YOUR INSTRUCTIONS =>
Exact copy, no pictures: set down the lines from the one holding "A hallmarked silver" through the final line of the records below.

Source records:
══════════════════════════════

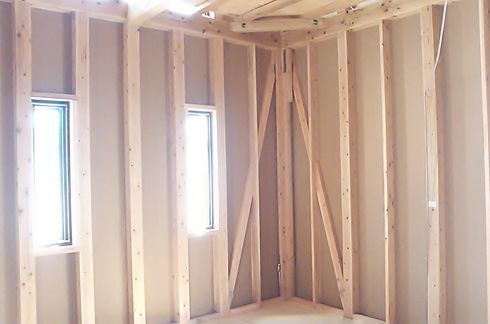 須恵町新原O様邸の幸せづくり状況です♪ 木工事中です! 棟上げが終わったところで、間柱、筋交いを入れています! サッシも取り付けられ、たくさんの窓から光が差し込んでいます! ...
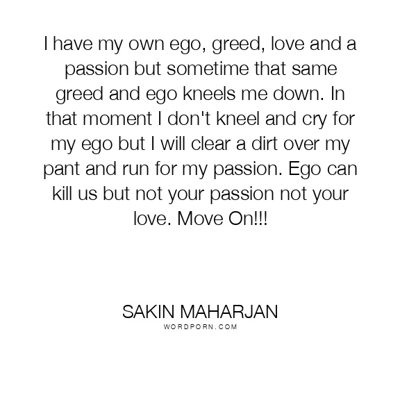 I have my own ego, greed, love and a passion but sometime that same greed and ego kneels me down. In that moment I don't kneel and cry for my ego but I will clear a dirt over my pant and run for my passion. Ego can kill us but not your passion not your love. Move On!!!
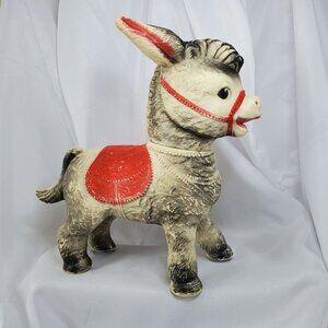 This 1961 Sun Rubber Co. donkey figurine showcases exquisite craftsmanship with a charming design. Measuring 11 inches, it is an ideal piece for collectors.
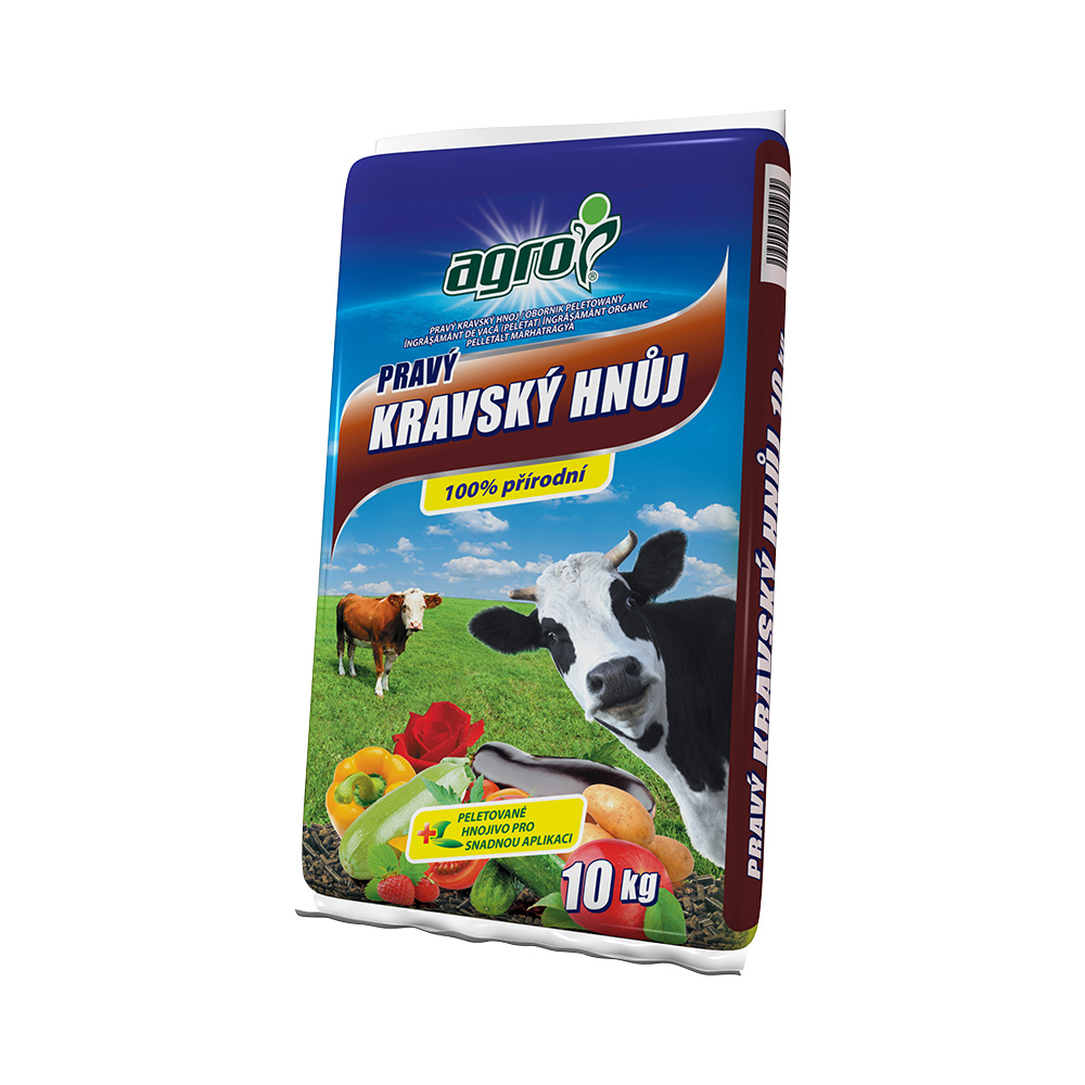 Agro Pravý kravský hnůj je organické hnojivo vyráběné z kravského hnoje pomocí procesu sušení a lisování. Granulovaná forma hnojiva usnadňuje manipulaci.
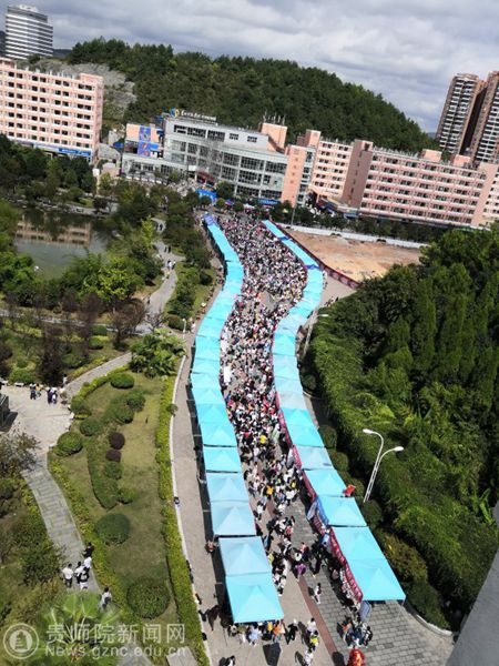 晨风拂过七点的鉴湖,映入眼帘的,是两长排浅蓝色的帐篷,各组织的工作人员有条不紊地进行活动场地的布置工作,致力展现组织风采,吸引新生们驻足报名。
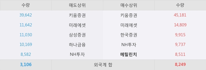 거래원 동향은 메릴린치, 미래에셋, NH투자 등이 매수 상위 목록에 나타나고 있다.
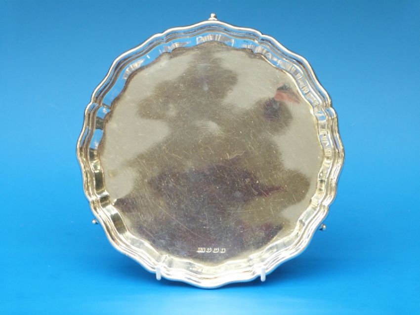 A hallmarked silver salver with shaped edge, raised on three scrolling feet (Sheffield 1934) maker Viner's Ltd (20cm diameter) 320g
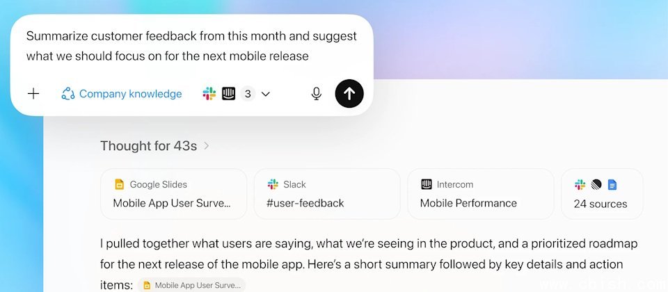 不过,OpenAI预计未来的Company Knowledge将具备完整的ChatGPT功能,届时将能同时结合内部知识与网页搜索,并支持文字与图像的生成。短期内的目标则是扩展支持ClickUp和Asana等任务与项目管理工具、GitLab Issues问题追踪系统,以及客服平台Intercom。
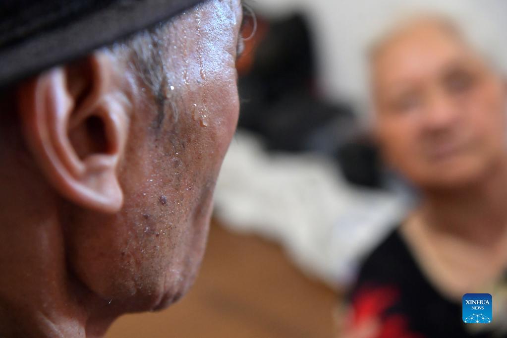 Luo Anmin'a face is covered with sweat after carrying his wife to the wheelchair at Xuluo Village of Nanchang County, east China's Jiangxi Province, Sept. 5, 2021. Luo Anmin is 76 years old. In 2008, his wife Wan Zhaolian suffered from brain cancer and unfortunately lost consciousness, but Luo never gave up. He talked to his wife and gave her massages every day, hoping she can be better off some day. After three years of loving care, the miracle happened. In 2011, Wan Zhaolian regained consciousness, which gave Luo more hope although she still couldn't talk and walk. Luo said he loves his wife so much that he will be always by her side and taking good care of her as long as she is alive. To Luo, his wife means everything, and most importantly, a home. (Xinhua/Peng Zhaozhi)

══════════════════════════════

RESPONSE TO THIS TASK =>
 A hallmarked silver salver with shaped edge, raised on three scrolling feet (Sheffield 1934) maker Viner's Ltd (20cm diameter) 320g
 不过,OpenAI预计未来的Company Knowledge将具备完整的ChatGPT功能,届时将能同时结合内部知识与网页搜索,并支持文字与图像的生成。短期内的目标则是扩展支持ClickUp和Asana等任务与项目管理工具、GitLab Issues问题追踪系统,以及客服平台Intercom。
 Luo Anmin'a face is covered with sweat after carrying his wife to the wheelchair at Xuluo Village of Nanchang County, east China's Jiangxi Province, Sept. 5, 2021. Luo Anmin is 76 years old. In 2008, his wife Wan Zhaolian suffered from brain cancer and unfortunately lost consciousness, but Luo never gave up. He talked to his wife and gave her massages every day, hoping she can be better off some day. After three years of loving care, the miracle happened. In 2011, Wan Zhaolian regained consciousness, which gave Luo more hope although she still couldn't talk and walk. Luo said he loves his wife so much that he will be always by her side and taking good care of her as long as she is alive. To Luo, his wife means everything, and most importantly, a home. (Xinhua/Peng Zhaozhi)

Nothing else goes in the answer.